[東京 26日 ロイター] – 東芝の株主であるシンガポールのファンド、3Dインベストメント・パートナーズは26日、東芝への書簡で、非上場化も含め「戦略的選択肢を再検討」するよう求めた。これに対し東芝は、非上場化にはさまざまな課題が存在するとの認識を示し、「上場会社としてのメリットを生かすことが企業価値の向上につながる」とコメントした。
東芝は今月に入り、英投資ファンドCVCキャピタル・パートナーズから買収の初期提案があったことを明らかにしていた。提示価格は1株約5000円とされる。しかし、東芝は20日、CVCの初期提案は具体的な詳細が記載されておらず「評価不能」と判断したとして、提案に応じない方針を明らかにした。CVC側も買収に向けた検討を中断した。
東芝株式の約7%を持つ3Dインベストメントは、東芝の一連の行動について、CVCの提案は敵対的買収であるとの印象を与えたと批判。3Dインベストメントとして非公開化を求めているわけではないとしつつ、「非公開化を含めた企業価値向上策の提案を歓迎するという立場を明確に伝えるべき」と主張した。
その上で、東芝のブランド力や、競争力のある知的財産・資産の潜在的な価値などを考慮すれば、株式の適正な価値は1株6500円超だと確信しているとしている。
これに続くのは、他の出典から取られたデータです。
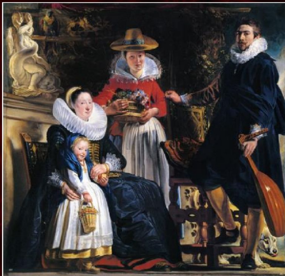
Якоб Йорданс «Семейный портрет», 1621-1622
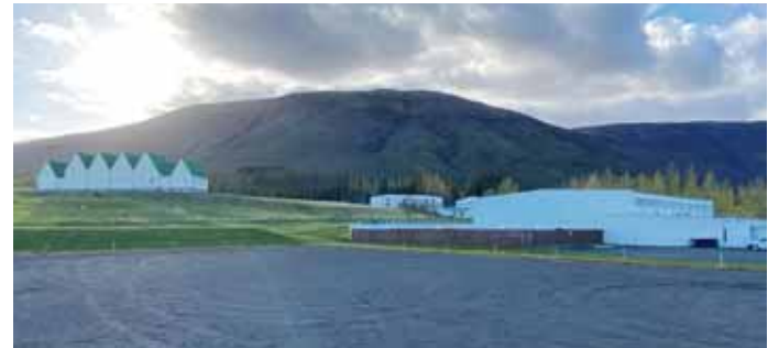
Á þessum fallega stað á Laugarvatni er ráðgert að húsnæði fyrir skipulags- og byggingafultrúa risi.

gestir geti staldrað við í fallegu umhverfi og notið alls þess sem Gróðurhúsið hefur uppá að bjóða. Hálfán Pedersen sér um heildar hönnun og útlit Gróðurhússins en samvinna er með Flóru garðyrkjustöð um ráðgjöf um gróður hússins sem að sjálfsögðu er í aðalhlutverki í sjálfum Blómabænum.
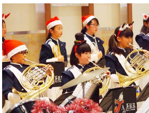
足立ジュニア吹奏楽団 クリスマスコンサート
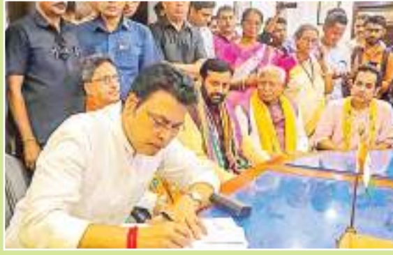
पश्चिम त्रिपुरा। भाजपा उम्मीदवार बिप्लब कुमार देब ने आगामी लोकसभा चुनाव के लिए त्रिपुरा के सीएम माणिक साहा, हरियाणा के सीएम नयब सिंह सेनी, पूर्व सीएम मनोहर लाल खड्ग के सामने नामांकन पत्र दाखिल किया।
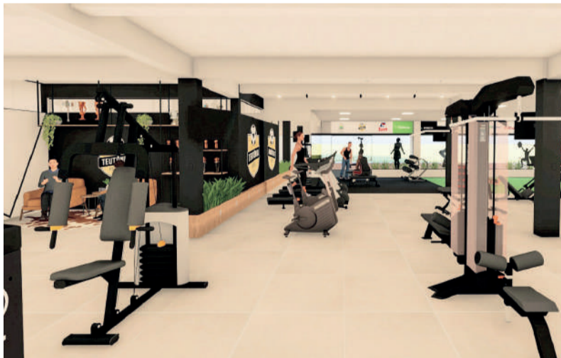
Associados da APDL, Teutônia Futsal e parceiros terão descontos

Além disso, o aluno da academia terá ingresso gratuito nos jogos da Teutônia Futsal. No Espaço Saúde também estará disponível o material desportivo da entidade, como camisas de jogo e passeio para serem adquiridas pelos torcedores.
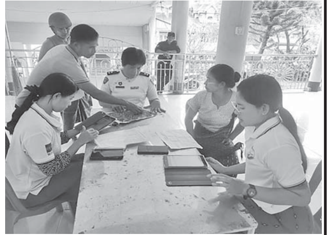
မြိတ်မြို့နယ်၌ ၂၀၂၄ ခုနှစ်လူဦးရေနှင့်အိမ်အကြောင်းအရာ သန်းခေါင် စာရင်းကောက်ယူစဉ်။
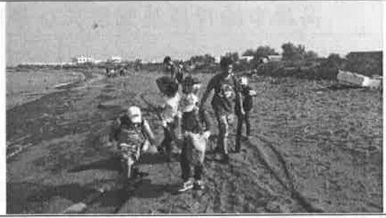
活動說明：看我們多認真的撿拾垃圾
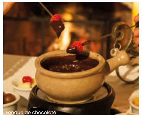
Fondue de chocolate
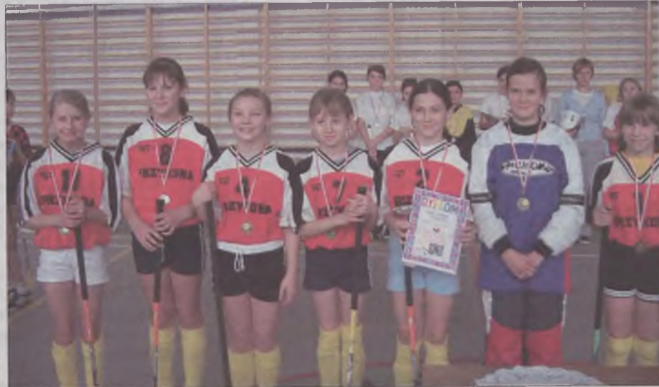
Zwycięska drużyna Zryw I

„Zryw” Przykonia I - „Zryw” Przykonia II 0:0 Koziegłowy-SP Lipice 1:0
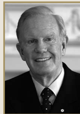
Ted Rogers, O.C., Photo utilisée avec sa permission.

La Chancellerie des distinctions honorifiques souhaite reconnaître la contribution de feu Ted Rogers, O.C., à la diffusion des investitures de l'Ordre du Canada dans toutes les régions du pays. Depuis son investiture en 1991, les récipiendaires reçoivent une copie vidéo de leur cérémonie.
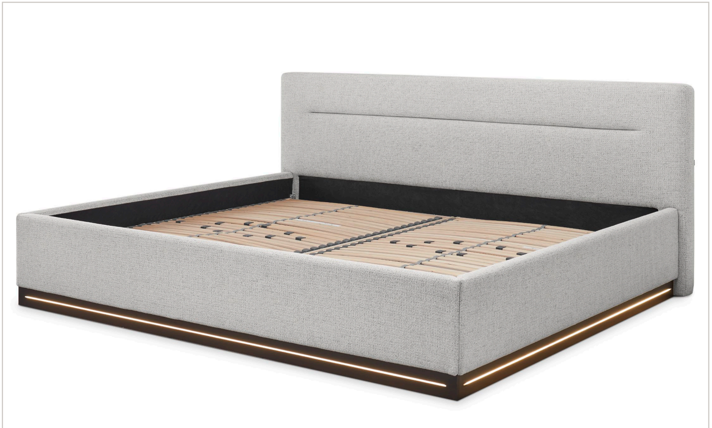
Abb. 2961-88-8000 , NOELLE hellgrau Nr. 04, Kopfteil KT 3 mit Quereinzug, Bettgestell inkl. Bettkasten und Federholzrahmen, Sockel S 2 schwarz, Liegefläche 240 x 200 cm
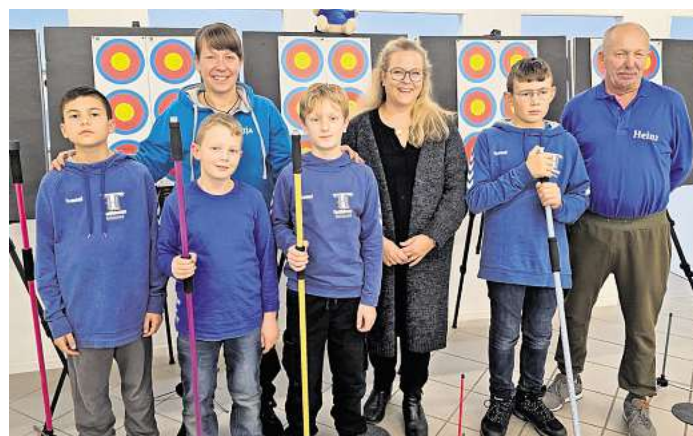
Die neue Ausrüstung stellt einen wichtigen Meilenstein für das Team dar.

Die neue Ausrüstung stellt einen wichtigen Meilenstein für das Team dar. Sie ermöglicht nicht nur bessere Trainingsbedingungen, sondern schafft auch die Grundlage für die weitere sportliche Entwicklung sowie die Nachwuchsarbeit. Gerade in einer Randsportart wie dem Blasrohrschießen sind moderne und einheitliche Materialien ein entscheidender Faktor, um langfristig erfolgreich und attraktiv zu bleiben. „Ohne diese Unterstützung wäre die An-
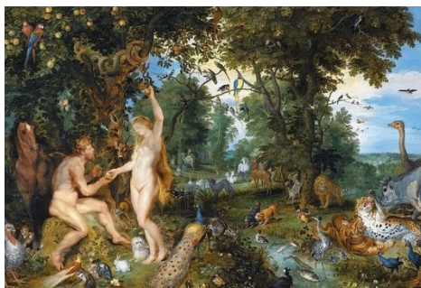
"El Jardín del Edén con la caída del hombre" de Peter Paul Rubens y Jan Brueghel el Viejo.

En este proceso de madurez, Sofía sigue acudiendo a un sitio donde puede conservar su Inocencia. Como un Niño que tiene un Escondite Secreto, la Joven accede a ese Lugar a través de un Seto al final del Jardín de su Casa. Para Sofía, ese "Callejón" es lo más Parecido al Paraíso, tal y como Ella imaginaba que sería el Jardín del Edén Descrito en el Génesis. Durante la Infancia, es muy Común que los Niños Vivan en un Mundo de Fantasía, que luego Pierden en la Etapa Adulta. Así, Podemos Entender el Jardín como un Lugar de Protección de la Niñez en el que Sofía puede Liberarse Presión que tiene para Crecer y Perder su Ingenuidad.
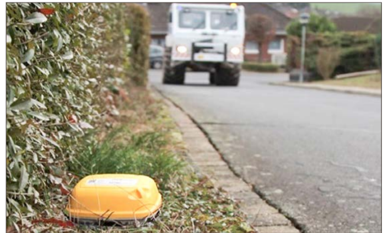
Na terenach, gdzie poszukiwane są złoża montowane są niewielkie żółte czujniki o wymiarach 10x10 cm.
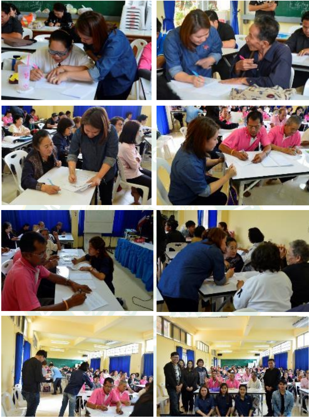
ภาพผนวกที่ 2 การสัมภาษณ์ผู้สูงอายุ
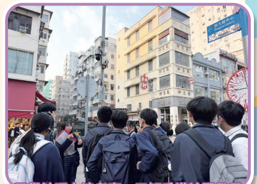
同學於深水埗考察，了解香港社區發展
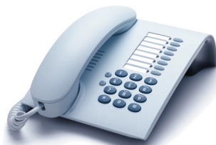
OpenStage 5 Eis-Blau
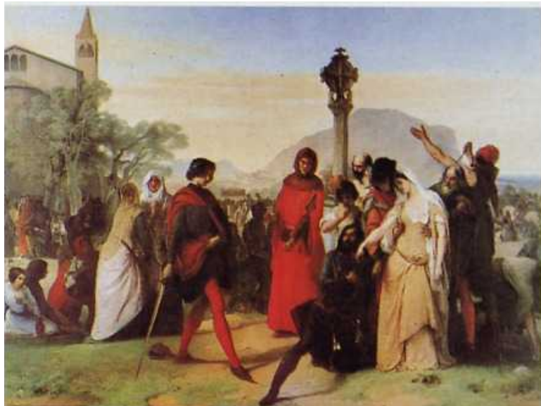
Vespri siciliani 1846
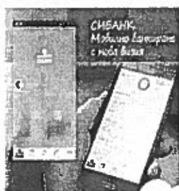
Модерно и удобно!
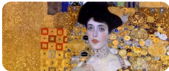
Inaugurazione 1 Maggio ore 12:00 "La magia floreale del Liberty" ex palazzo del turismo, viale Verdi, 68 Montecatini Terme 1-2-3 Maggio 15:00 - 19:00

Le terme furono non solo luoghi di cura ma divennero veri e propri centri di incontro dove la cultura e il divertimento resero la città competitiva a livello europeo, al punto che dopo 100 anni, Montecatini Terme è tra le 11 Grandi Città Termali d'Europa (unica in Italia) tra i siti Patrimonio dell'Unesco.
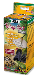
JBL TempSet angle Комплект для установки ламп в террариуме
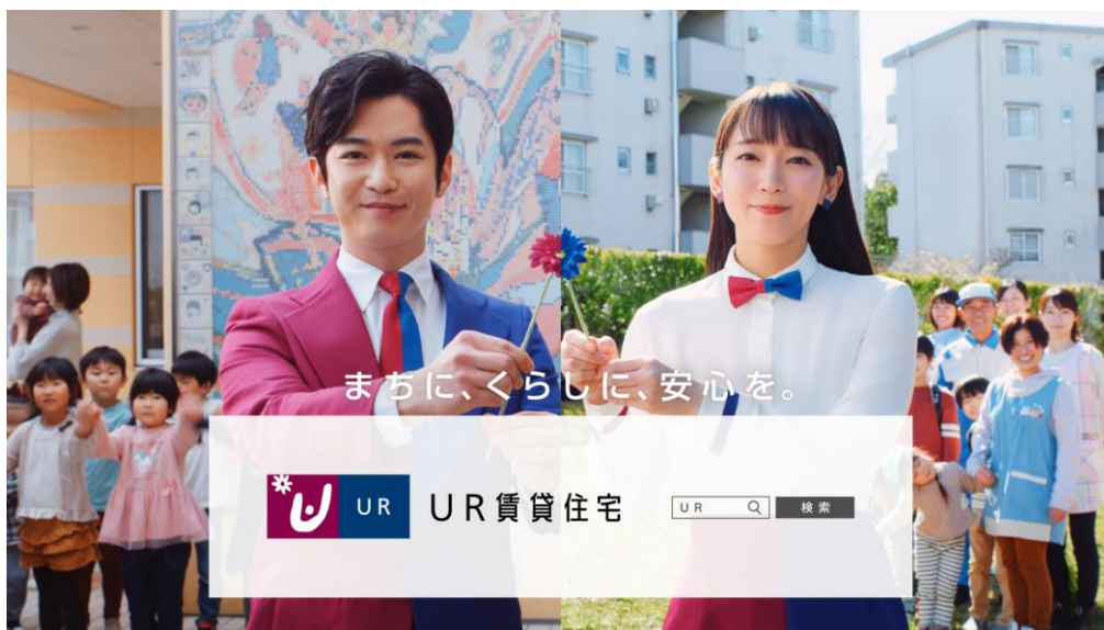
新TV-CM「くらしを咲かせる」篇より

https://www.ur-net.go.jp/chintai/college/202204/000867.html
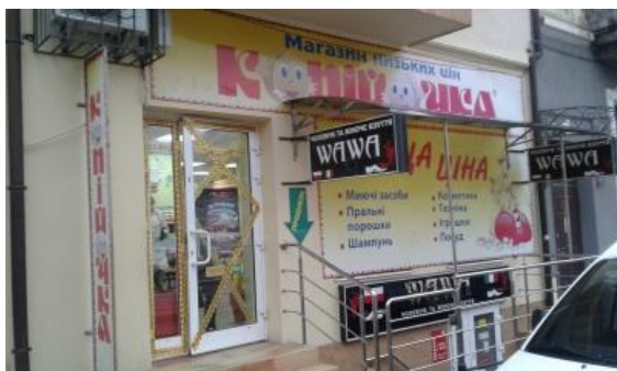
Додаток 3 (вул.Ковальська, 3)
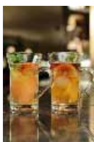
フルーツカクテルワイン 600円

着物のお客様には、特典として、ベビーシャンパン（1,000円）＋タパスボックス（650円）を特別価格1,000円にて提供します。
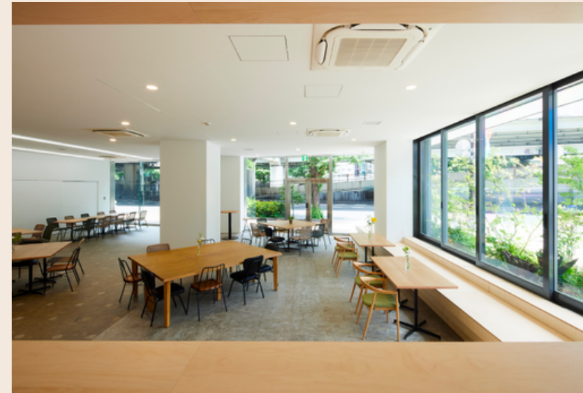
入り口から室内を見た時
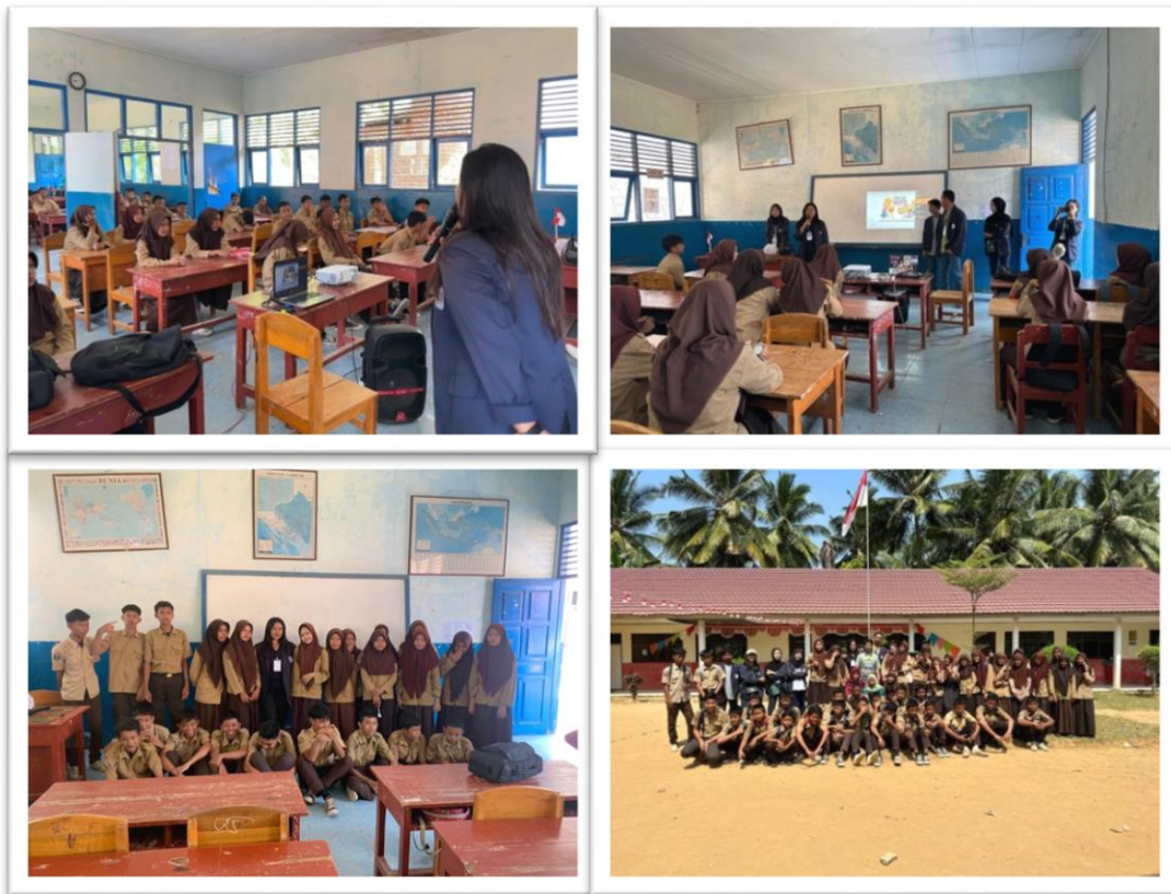
Gambar 2. Sosialisasi SMP

東芝は、非上場化を含めた提案を選択肢として排除することはないとしつつ、現時点において上場していることが企業価値の向上につながるとの考えを維持している。今後、具体的な買収提案がされた場合は、取締役会として真摯に評価・検討するという。
ある銀行幹部は、CVC以外ほかのファンドなども含め、融資の打診や交渉に関する話は進んでないと明らかにした。その上で「原点に戻り、株主と誠意を持ってコミュニケーションを取ることが一番大事」と話した。